::: Data section :::
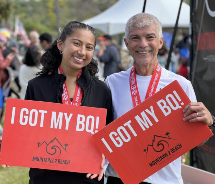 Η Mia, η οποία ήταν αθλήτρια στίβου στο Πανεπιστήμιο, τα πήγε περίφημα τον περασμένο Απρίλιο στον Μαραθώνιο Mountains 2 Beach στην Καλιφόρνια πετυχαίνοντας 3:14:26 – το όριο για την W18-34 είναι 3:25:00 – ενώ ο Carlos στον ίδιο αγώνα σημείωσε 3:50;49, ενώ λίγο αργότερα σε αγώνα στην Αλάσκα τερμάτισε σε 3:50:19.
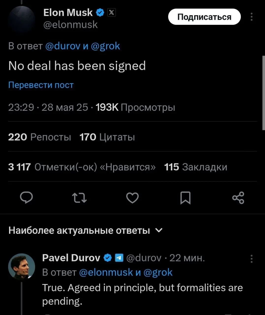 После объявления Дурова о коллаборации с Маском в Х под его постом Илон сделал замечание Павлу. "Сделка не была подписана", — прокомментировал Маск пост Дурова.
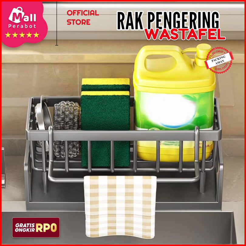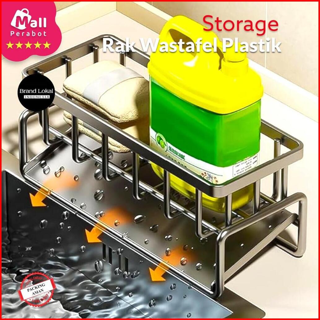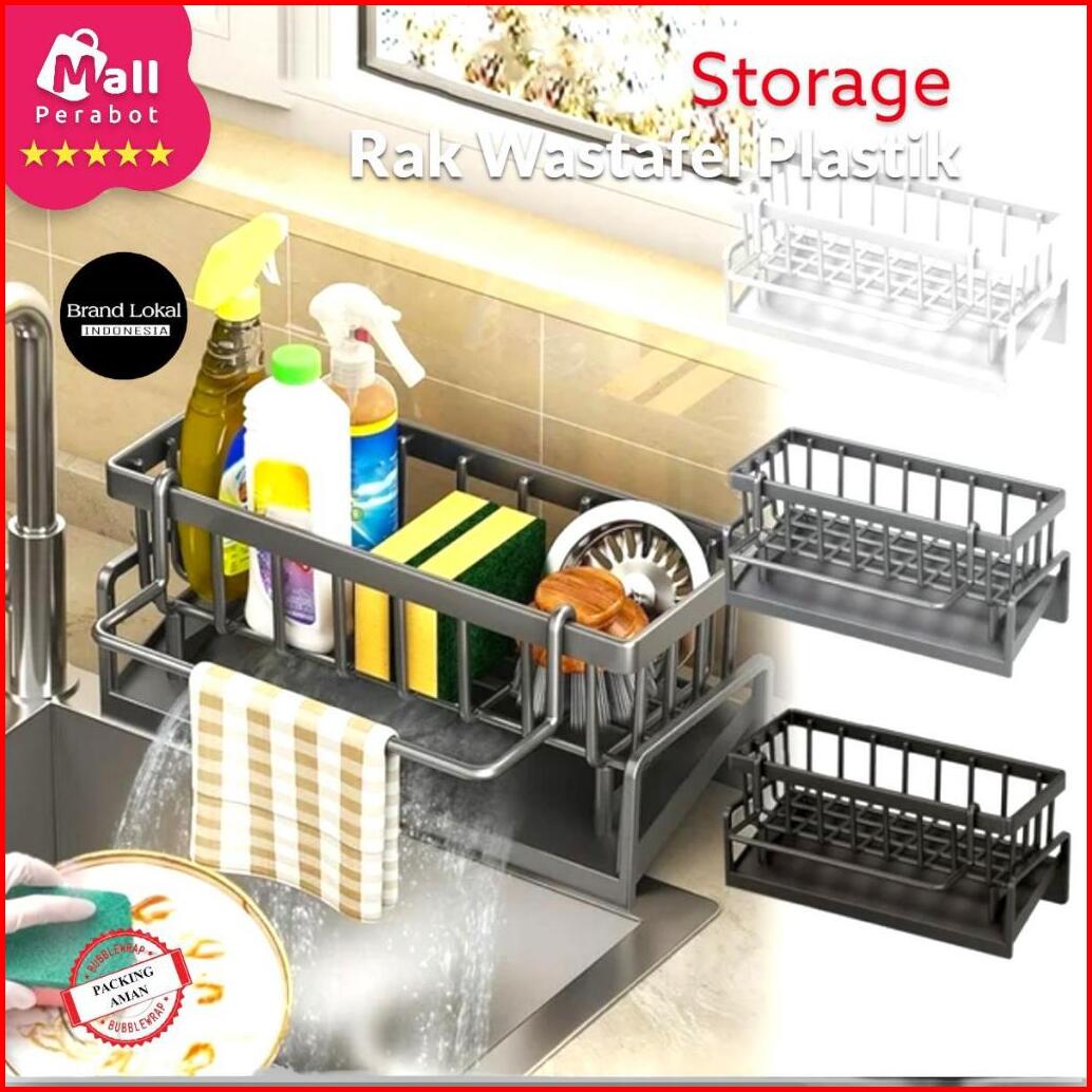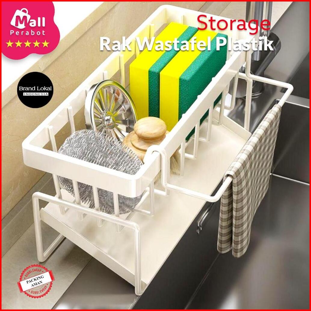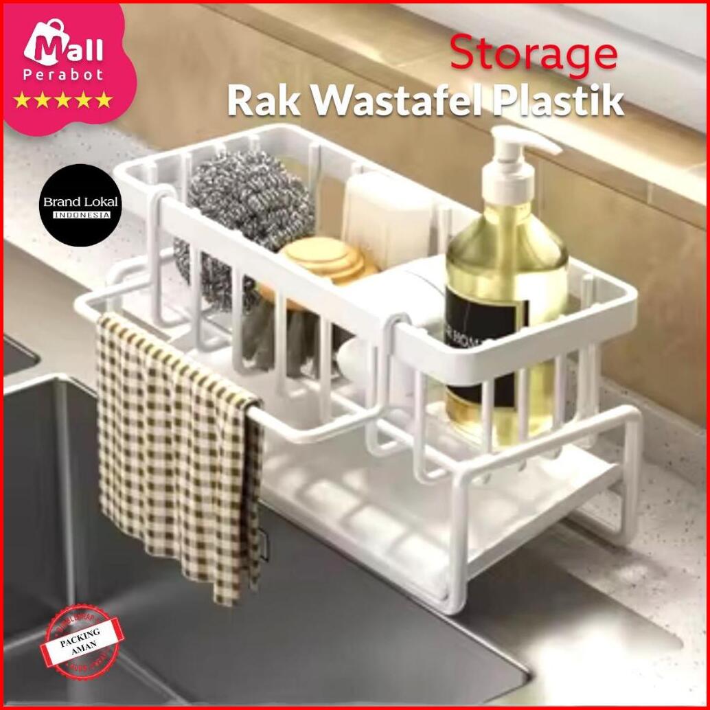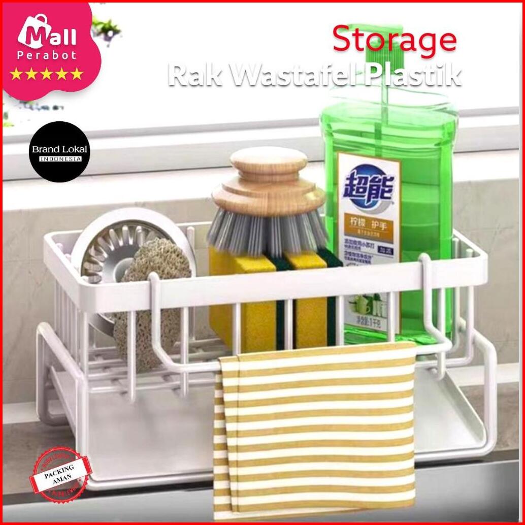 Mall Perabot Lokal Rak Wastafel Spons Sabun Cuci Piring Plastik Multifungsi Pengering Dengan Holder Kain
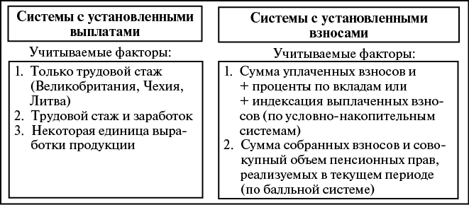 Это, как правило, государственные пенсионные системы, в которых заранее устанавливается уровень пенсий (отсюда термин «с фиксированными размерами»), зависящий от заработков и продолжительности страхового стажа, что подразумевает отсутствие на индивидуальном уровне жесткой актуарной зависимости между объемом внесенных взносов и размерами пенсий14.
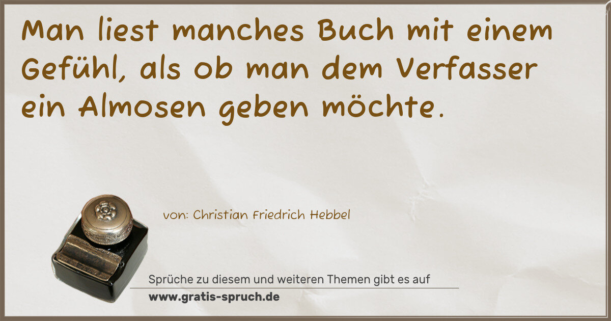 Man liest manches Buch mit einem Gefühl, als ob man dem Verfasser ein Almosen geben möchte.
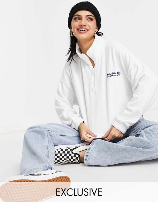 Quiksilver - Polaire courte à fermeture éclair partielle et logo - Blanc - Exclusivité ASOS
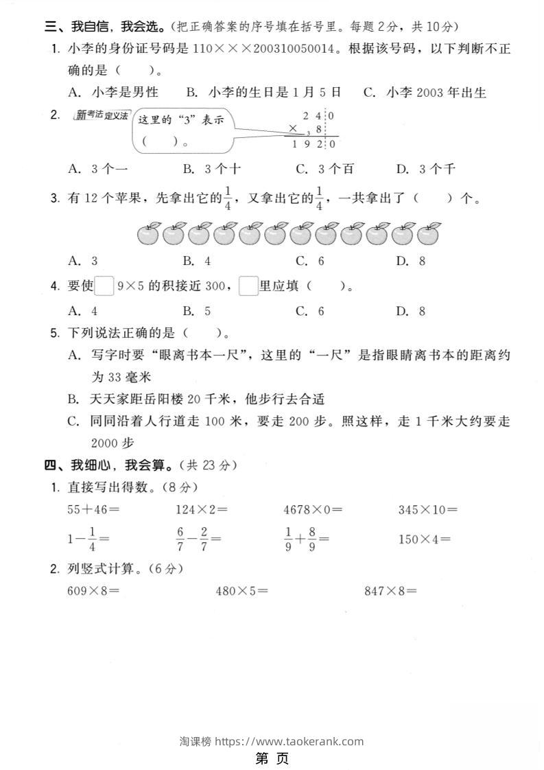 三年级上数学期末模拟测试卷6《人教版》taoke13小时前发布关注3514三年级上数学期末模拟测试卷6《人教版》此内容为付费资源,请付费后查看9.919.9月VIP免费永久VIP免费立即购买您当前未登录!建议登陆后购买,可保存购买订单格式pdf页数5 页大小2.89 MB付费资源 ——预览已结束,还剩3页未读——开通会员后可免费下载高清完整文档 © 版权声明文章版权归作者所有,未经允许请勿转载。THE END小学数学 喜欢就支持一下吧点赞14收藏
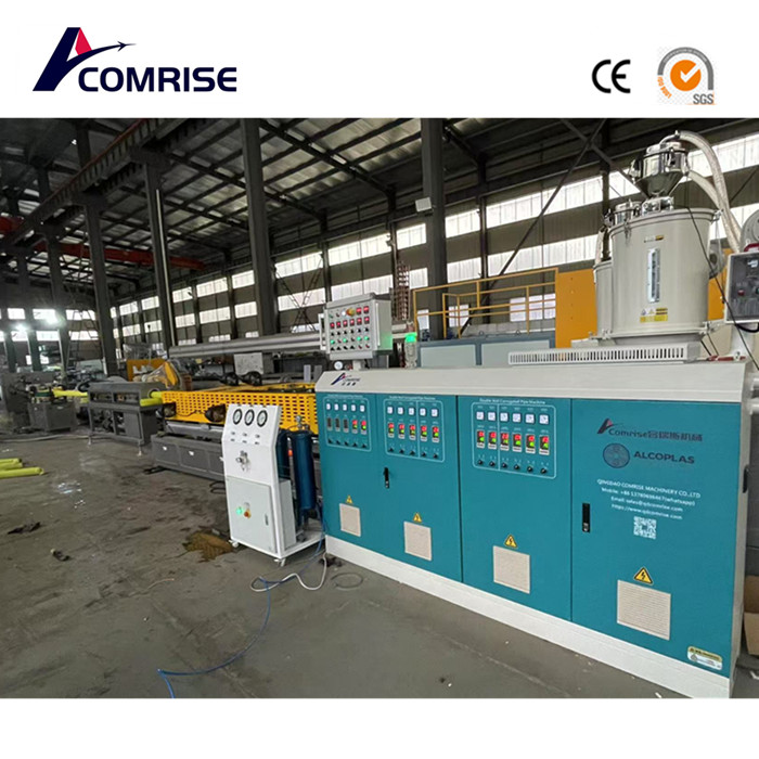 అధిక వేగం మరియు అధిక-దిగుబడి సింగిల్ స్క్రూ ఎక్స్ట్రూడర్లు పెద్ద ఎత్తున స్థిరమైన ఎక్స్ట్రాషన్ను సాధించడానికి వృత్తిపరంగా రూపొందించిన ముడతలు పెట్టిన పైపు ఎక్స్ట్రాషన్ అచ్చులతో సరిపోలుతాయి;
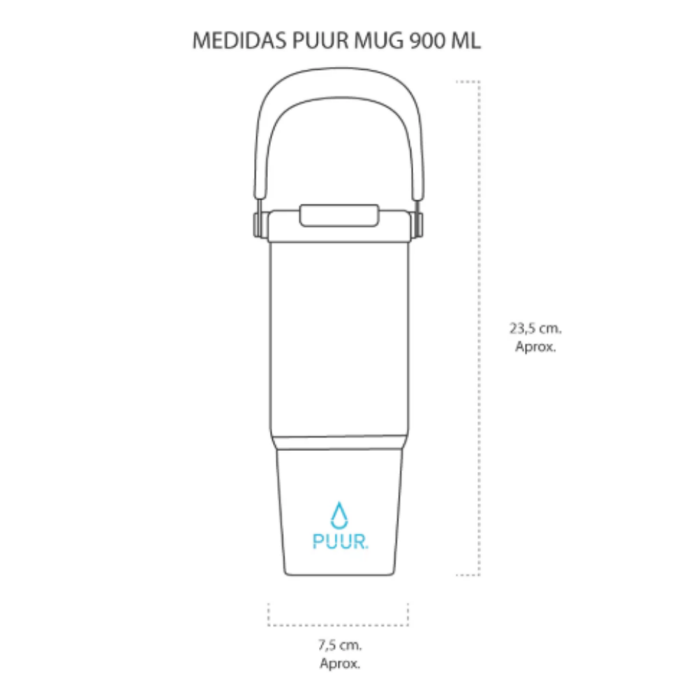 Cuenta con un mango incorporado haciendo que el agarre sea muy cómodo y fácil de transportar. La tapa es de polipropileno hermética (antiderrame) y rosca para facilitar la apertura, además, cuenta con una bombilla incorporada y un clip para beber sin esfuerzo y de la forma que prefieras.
:::
Images must not appear in the copy; reproduce everything else in the records verbatim.

 Η Mia, η οποία ήταν αθλήτρια στίβου στο Πανεπιστήμιο, τα πήγε περίφημα τον περασμένο Απρίλιο στον Μαραθώνιο Mountains 2 Beach στην Καλιφόρνια πετυχαίνοντας 3:14:26 – το όριο για την W18-34 είναι 3:25:00 – ενώ ο Carlos στον ίδιο αγώνα σημείωσε 3:50;49, ενώ λίγο αργότερα σε αγώνα στην Αλάσκα τερμάτισε σε 3:50:19.
 После объявления Дурова о коллаборации с Маском в Х под его постом Илон сделал замечание Павлу. "Сделка не была подписана", — прокомментировал Маск пост Дурова.
 Mall Perabot Lokal Rak Wastafel Spons Sabun Cuci Piring Plastik Multifungsi Pengering Dengan Holder Kain
 Это, как правило, государственные пенсионные системы, в которых заранее устанавливается уровень пенсий (отсюда термин «с фиксированными размерами»), зависящий от заработков и продолжительности страхового стажа, что подразумевает отсутствие на индивидуальном уровне жесткой актуарной зависимости между объемом внесенных взносов и размерами пенсий14.
 Man liest manches Buch mit einem Gefühl, als ob man dem Verfasser ein Almosen geben möchte.
 Quiksilver - Polaire courte à fermeture éclair partielle et logo - Blanc - Exclusivité ASOS
 三年级上数学期末模拟测试卷6《人教版》taoke13小时前发布关注3514三年级上数学期末模拟测试卷6《人教版》此内容为付费资源,请付费后查看9.919.9月VIP免费永久VIP免费立即购买您当前未登录!建议登陆后购买,可保存购买订单格式pdf页数5 页大小2.89 MB付费资源 ——预览已结束,还剩3页未读——开通会员后可免费下载高清完整文档 © 版权声明文章版权归作者所有,未经允许请勿转载。THE END小学数学 喜欢就支持一下吧点赞14收藏
 అధిక వేగం మరియు అధిక-దిగుబడి సింగిల్ స్క్రూ ఎక్స్ట్రూడర్లు పెద్ద ఎత్తున స్థిరమైన ఎక్స్ట్రాషన్ను సాధించడానికి వృత్తిపరంగా రూపొందించిన ముడతలు పెట్టిన పైపు ఎక్స్ట్రాషన్ అచ్చులతో సరిపోలుతాయి;
 Cuenta con un mango incorporado haciendo que el agarre sea muy cómodo y fácil de transportar. La tapa es de polipropileno hermética (antiderrame) y rosca para facilitar la apertura, además, cuenta con una bombilla incorporada y un clip para beber sin esfuerzo y de la forma que prefieras.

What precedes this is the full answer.